The research interests of the group are varied but can be organised around five substantive themes:

  • Regulating (economic) power: business and human rights, corporate social responsibility, regulatory responses to injustice, law & economics, and the public/private divide

  • Precarity and the protection of vulnerable or marginalised groups… health/mental capacity; tenants/social housing, prisoners, carers, displaced persons, refugees and asylum

  • Protest, public order, and policing

  • The challenges of the climate emergency and environmental law

  • The pervasion of tech and Big Data – the right to information, access to justice, algorithmic decision-making, and cyber security

We have researchers who employ or rely on various methodologies, from empirical socio-legal, and anthropological ethnographies, to the economics of risk & incentives as well as course as doctrinal legal. We are developing cross-campus links such as social work colleagues whose work looks at vulnerable people in care; political scientists who study energy democracy and just transitions; health scientists looking at palliative care in prisons, health & poverty, and food/housing insecurity; colleagues in film and TV looking at media constructions of subcultural activism; and scholars in international development, looking at corporate social responsibility in sub-Saharan mineral extraction industries.
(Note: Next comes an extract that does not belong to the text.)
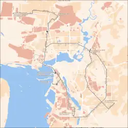 Kazan's Metro system has just one line, the red line running from Aviastroitelnaya in the north to Prospekt Pobedy in the south. Visitors are only likely to use it between Kazan-2 railway station (Severny Vokzal «Северный Вокзал») in the north, Kremlyovskaya («Кремлёвская») ie the Kremlin in the centre, and Ploshchad Tukaya («Площадь Тукая») which has eating places and hotels.
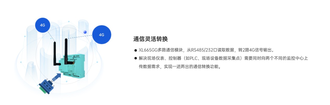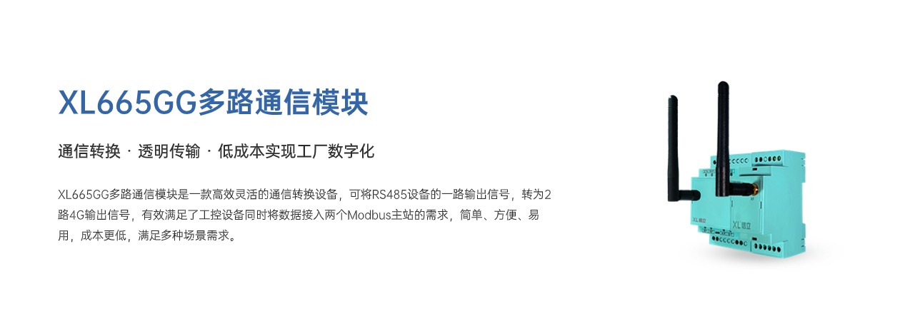 XL665GG多路通信模塊是一款高效靈活的通信轉(zhuǎn)換設(shè)備,可將RS485設(shè)備的一路輸出信號(hào),轉(zhuǎn)為2路4G輸出信號(hào),有效滿足了工控設(shè)備同時(shí)將數(shù)據(jù)接入兩個(gè)Modbus主站的需求,簡單、方便、易用,成本更低,滿足多種場景需求。

Colleagues within the cluster are editors of leading books and monographs in the field, and sit on editorial committees of journals and of subject associations. They have been awarded funding to carry out their research and acted as principal or co-investigators on projects. They have given evidence before and worked with parliamentary committees, and with UN Special Rapporteurs, and been cited in reports. They have written reports/papers for IGOs, governments, and think tanks and worked closely with civil society organisations. Their work has been relied on by counsel in argument and by courts in judgment, and finally, they contribute regularly to media debates on radio, or TV or newspapers.

For those interested in pursuing doctoral research in any area of social justice, please contact Professor David Mead – the cluster lead – who will assist in identifying an appropriate supervisor.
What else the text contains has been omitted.